If the matrix \[ \begin{bmatrix} 1 & 3 & 1 \\ 2 & 1 & \alpha \\ 0 & 1 & -1 \end{bmatrix} \] is singular. Given a function \( f(x) = \int_{0}^{x} (t^2 + 2t + 3)\, dt \), \( \forall x \in [1, \alpha] \). If \( m \) and \( n \) are the maximum and minimum values of the function \( f(x) \), then the value of \( 3(m - n) \) is:

• A. 550
• B. 510
• C. 490
• D. 540

Hint:

If the derivative of an integral function \(f'(x) = g(x)\) is always positive, you don't need to evaluate the integral twice. The difference \(m-n\) is simply the definite integral over the given interval.

Answer 1

The Correct Option is D

Step 1: Understanding the Concept:
A matrix is singular if its determinant is zero. We find \(\alpha\) first. Then, since the integrand \(t^2 + 2t + 3\) is always positive for real \(t\), the function \(f(x)\) is strictly increasing. Therefore, the minimum value \(n\) occurs at the lower bound of the interval and the maximum value \(m\) occurs at the upper bound.

Step 2: Key Formula or Approach:
1. Singular matrix: \(\det(A) = 0\).
2. Fundamental Theorem of Calculus: \(f(x) = \frac{x^3}{3} + x^2 + 3x\).
3. \(m - n = f(\alpha) - f(1) = \int_{1}^{\alpha} (t^2 + 2t + 3) \, dt\).

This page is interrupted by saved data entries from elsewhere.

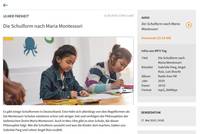 Die Wahl für die richtige Schule sollte nicht dem Zufall überlassen werden. Natürlich müssen verschiedene Kriterien und ein schlüssiges Konzept erfüllt werden. Aber dennoch ist es oftmals eine emotionale Entscheidung - Eltern müssen ein gutes Gefühl bekommen..." (Montessori-Pädagogik in Ulm und Neu-Ulm, in FRIZZ, Novemberausgabe S. 29)
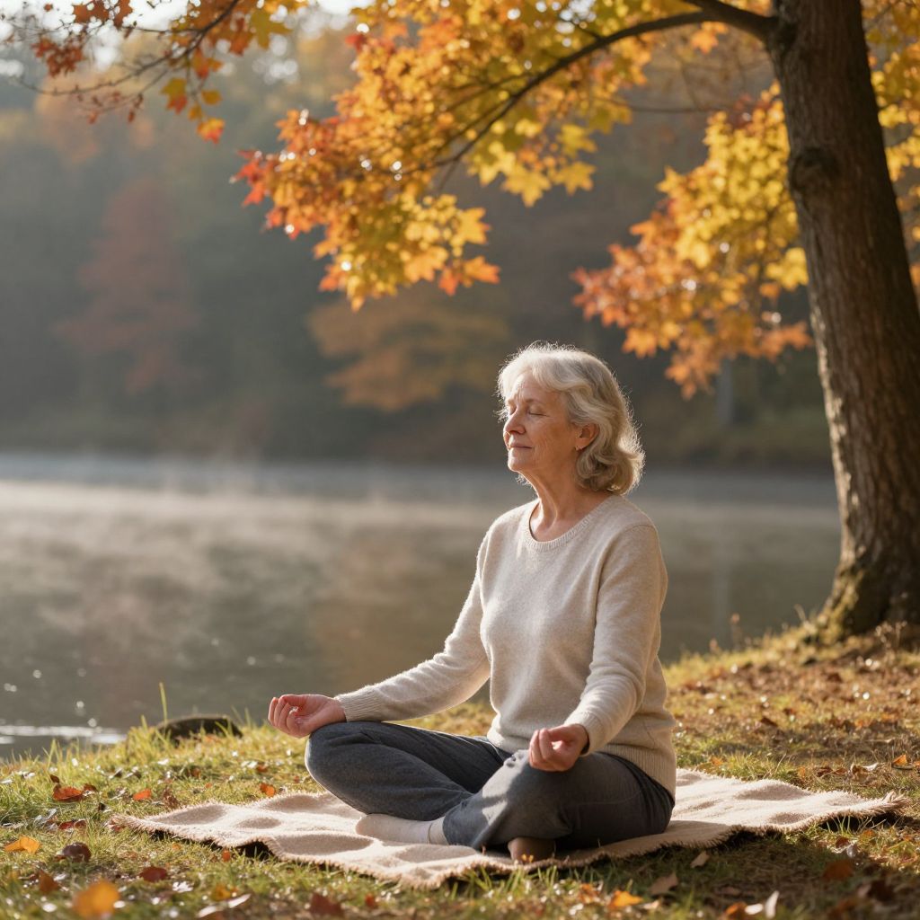 Elderly woman meditating peacefully outdoors, seated cross-legged on a blanket near a serene lake, surrounded by vibrant autumn foliage and soft morning light filtering through the trees.
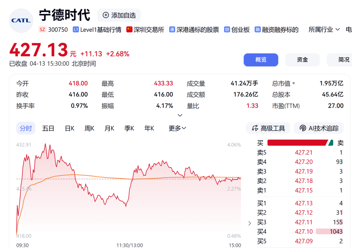 第二件是4月13日宁德时代A股盘中涨超3.6%,股价创下历史新高,其港股同步上扬烬2%,至此,宁德时代总市值首次突破2万亿元人民币。
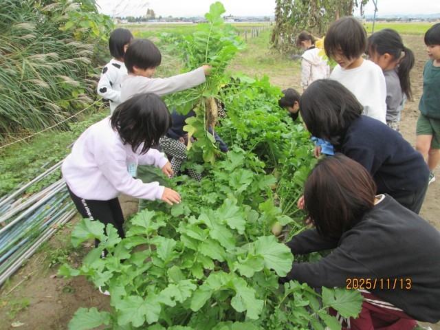9月に植えたダイコンを収穫しました。どれくらい、大きくなっているのかどきどきしながら、引き抜きました。大きさや形は大小様々でしたが、葉っぱが実に見事です。子供たちの喜びいっぱいの写真をご覧ください。
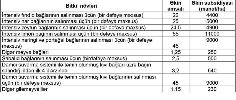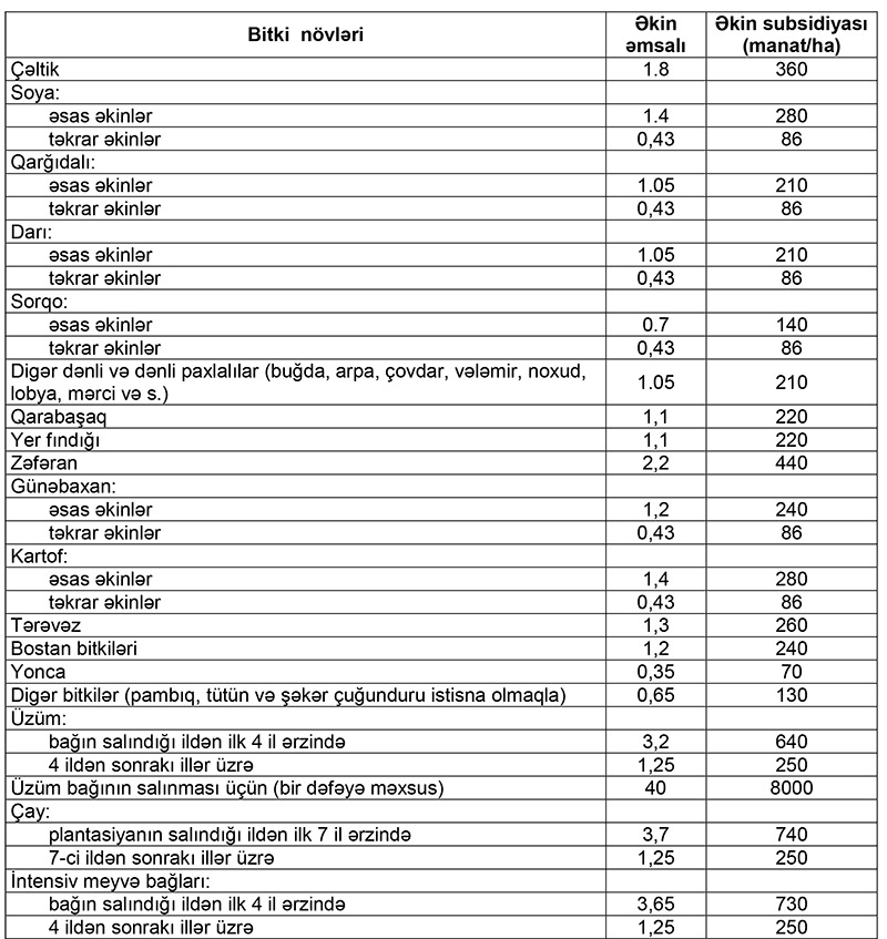Marja.az xəbər verir ki, qərara əsasən, baza məbləği 200 manat olmaqla 2022-ci ildə əkin əmsalları və əkin subsidiyasının məbləği kənd təsərrüfatı bitkiləri üzrə aşağıdakı kimi müəyyən olunub:

Step 3: Detailed Explanation:
1. Solve for \(\alpha\): \[ \begin{vmatrix} 1 & 3 & 1
2 & 1 & \alpha
0 & 1 & -1 \end{vmatrix} = 1(-1 - \alpha) - 3(-2 - 0) + 1(2 - 0) = 0 \] \[ -1 - \alpha + 6 + 2 = 0 \implies \alpha = 7 \] 2. Calculate \(m - n\): Since \(f(x)\) is increasing on \([1, 7]\), \(m = f(7)\) and \(n = f(1)\). \[ m - n = \int_{1}^{7} (t^2 + 2t + 3) \, dt = \left[ \frac{t^3}{3} + t^2 + 3t \right]_1^7 \] \[ m - n = \left( \frac{343}{3} + 49 + 21 \right) - \left( \frac{1}{3} + 1 + 3 \right) \] \[ m - n = \frac{342}{3} + 70 - 4 = 114 + 66 = 180 \] 3. Final Value: \(3(m - n) = 3 \times 180 = 540\).

Step 4: Final Answer:
The value of \(3(m - n)\) is 540.